Still dabbing at it, I went into the living room. But it was Tarc, not Smith, who’d come in. He waited there, the shape and size of him incongruous with the room. I was used to seeing him in the wide, bright halls of Harkness House. Tarc seemed wrong in this room, with its faded wallpaper and cluttered bookshelves. From her spot on the wall, Sorcha smiled at him.
‘I meant the ruined cottage,’ he said, breathless, as if he’d run all the way. ‘I looked for you at Arabella’s cottage.’
‘Was Cassa very upset?’
He came towards me, examining Sorcha’s torn dress. The graze on my face. My mussed-up hair.
‘What happened?’
‘I fell.’ I turned away.
He moved closer, until he was in my line of vision. Forcing me to look at him.
‘You can’t be here,’ I said, feeling that rise of panic even though we were alone. ‘My grandfather.’
But Tarc’s attention had shifted. He was looking past me, at Smith’s war table.
‘Wren, what is this?’ His voice was steady and yet I heard the alarm there.

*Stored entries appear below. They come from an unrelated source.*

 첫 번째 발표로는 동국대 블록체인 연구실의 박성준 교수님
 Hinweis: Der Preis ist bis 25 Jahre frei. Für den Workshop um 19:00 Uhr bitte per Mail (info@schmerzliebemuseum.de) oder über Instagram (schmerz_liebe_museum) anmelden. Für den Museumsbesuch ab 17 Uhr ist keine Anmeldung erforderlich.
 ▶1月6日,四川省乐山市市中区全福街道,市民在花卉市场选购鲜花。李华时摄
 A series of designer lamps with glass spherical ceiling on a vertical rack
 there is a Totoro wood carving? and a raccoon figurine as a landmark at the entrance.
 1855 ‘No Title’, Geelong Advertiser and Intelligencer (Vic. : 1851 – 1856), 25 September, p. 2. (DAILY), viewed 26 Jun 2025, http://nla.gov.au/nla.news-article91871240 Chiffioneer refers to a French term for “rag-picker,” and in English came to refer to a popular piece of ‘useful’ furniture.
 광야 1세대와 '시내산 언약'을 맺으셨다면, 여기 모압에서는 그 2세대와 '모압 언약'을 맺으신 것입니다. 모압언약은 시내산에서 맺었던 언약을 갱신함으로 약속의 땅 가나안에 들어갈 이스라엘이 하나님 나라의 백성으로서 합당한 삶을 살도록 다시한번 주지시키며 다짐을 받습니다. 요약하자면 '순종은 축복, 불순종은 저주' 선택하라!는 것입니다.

‘That’s just my grandfather’s hobby. He’s not really planning a big war.’
‘Hobby?’
‘The war table. It’s just a game.’
Hands on my shoulders, he turned me round to face the war table. The rivers, hills, woods and farms were gone. No soldiers, no tanks. In their place was a long, thick rope looped into the Daragishka Knot. At the centre of the first loop was a smooth, oval river stone. In the second, a rough mountain rock. The third was empty. Another smooth stone right beside it.

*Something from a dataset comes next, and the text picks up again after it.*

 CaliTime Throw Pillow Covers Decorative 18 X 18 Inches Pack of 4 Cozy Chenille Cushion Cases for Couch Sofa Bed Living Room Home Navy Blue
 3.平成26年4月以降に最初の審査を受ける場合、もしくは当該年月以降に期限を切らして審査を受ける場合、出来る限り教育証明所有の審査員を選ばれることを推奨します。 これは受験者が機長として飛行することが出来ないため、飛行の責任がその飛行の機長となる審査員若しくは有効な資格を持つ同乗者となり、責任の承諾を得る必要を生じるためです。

He turned to me and there was such gentleness in his eyes. ‘You don’t know, do you?’
‘I’ve never seen this before.’ I said, moving towards the table. ‘Why would they put it out here?’ On the top side of the knot was a sprig of dried meadowsweet, on the left a sprig of whitethorn, and opposite, the new bud of an alder tree. At the core, the lucky acorn that Tarc had given to me.
‘They’re forming the Daragishka Knot.’
‘But we don’t have the stones.’
Tarc brushed the hair from my face. ‘To make the Daragishka Knot you need a stone from a river, one from a mountain and one from the sea.’
‘No, that’s not how it works,’ I said patiently. Couldn’t blame judges for not knowing augur traditions.
But Tarc was touching the first stone. ‘The only thing that matters in
forming the Daragishka Knot is naming the stones. The first is Betrayal.’
And I saw that the stone had been marked in Ogham. Even my rudimentary grasp of the alphabet could make out that ‘Betrayal’ was a very possible translation.
‘Then Sacrifice.’ He traced the lines on the second stone. ‘S, A, C …’
‘No. You’ve got it all wrong.’
‘Naming the stones can only happen through action,’ he continued. ‘They have to be big gestures. Betrayal, sacrifice, surrender on an epic scale. The betrayal has to cut deep. The sacrifice has to hurt. The surrender has to be a leap into the unknown. Otherwise it won’t work. And the bigger the gesture, the more power it has.’
‘Maybe that’s how it is for the judges, but it’s different for us. The Daragishka stones are named for the Crimson River that flows red on Hy-Breasil. Ruairí Ó Cróinín found them.’
‘No,’ Tarc said. ‘The Daragishka Knot is named for the river that flowed red with blood, where the Bláithín found her beloved dying after a battle. The Knot was formed when the Bláithín begged the forest for her lover’s life. In return, she had to sacrifice an augur soldier who was injured on the battlefield. She turned her back on her people and surrendered herself to the forest, where she lived as meadowsweet for three years.’
‘You’re confusing your myths with ours.’
I looked back at the knot on the war table, trying to think how to begin explaining this to Tarc. I reached out a finger to the rope, then picked up the beach stone.
‘Wren, we should leave.’ Tarc was right behind me.
‘Leave? This is my home.’
The front door pushed open and we both turned, startled.
‘What’s going on, Wren?’ I heard Maeve say. She came into the living room and hung her coat on the row of hooks. She stopped to take off her boots. But her movements were stiff and wooden. My eye fell on the acorn.